The cookies themselves are not extremely sweet.  The level of sweetness is perfect when you top with some additional peanut butter however if you want a sweeter cookie, add a tablespoon of maple syrup.

Cookies for breakfast? Don’t mind if I do.

Vegan, Gluten-free Chocolate PB Breakfast Cookies

Yields: 12 cookies

1/3 c. raw buckwheat groats, ground into a powder (use a clean coffee grinder!)

1/4 c. ground flaxseed

1/4 c. almond meal

1 tsp. baking powder

2 Tbsp. cocoa powder

1 ripe banana, mashed

1 Tsp. vanilla extract

3 Tbsp. vanilla soymilk

1/4 c.  smooth natural peanut butter

maple syrup, if needed for sweetness

1 Tbsp.  smooth natural peanut butter + 1 tsp. soy milk for topping, mixed together (add more or less soy milk depending on the consistency you like.  I make my own peanut butter so it isn’t completely smooth, store bought peanut butter should get pretty smooth.)

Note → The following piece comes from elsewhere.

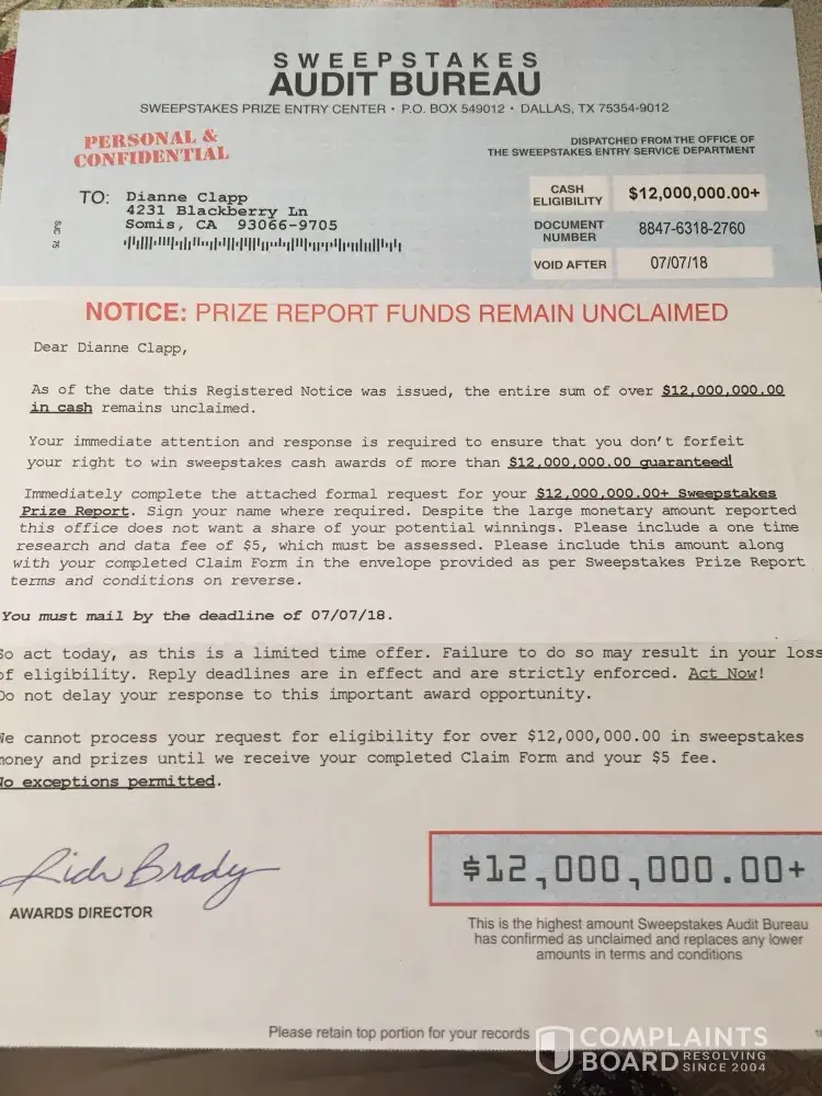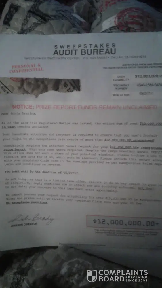 have received many of these so called sweepstakes advisory notifications claiming there is 12, 000, 000.00 dollars of unclaimed prize money and to send $5.00 or i'll forfeit my rights to win this sweepstakes cash award . These people flood your mail boxes with this "SCAM" at least 2 or 3 times a week and someone must stop these people. To me it is a form of...

1. Preheat oven to 375F and line a baking sheet with some parchment paper and set aside.

2. Combine the first 5 dry ingredients in a bowl and sift together until thoroughly mixed.

3. Combine last 3 wet ingredients in another small bowl.

4. Add the wet to the dry and stir until you have a very sticky dough.  Add a bit more milk if your dough is still too dry.  It is going to be super sticky – gluten-free vegan dough is just that way.

5.  Scoop cookies by the table spoon (literally a spoon not tablespoon) onto the cookie sheet and using wet hands, press down slightly.

6. Bake for 10 minutes. Cool on cooling rack.

7. Once cool, frost with peanut butter topping if desired (I recommend it – it is so tasty).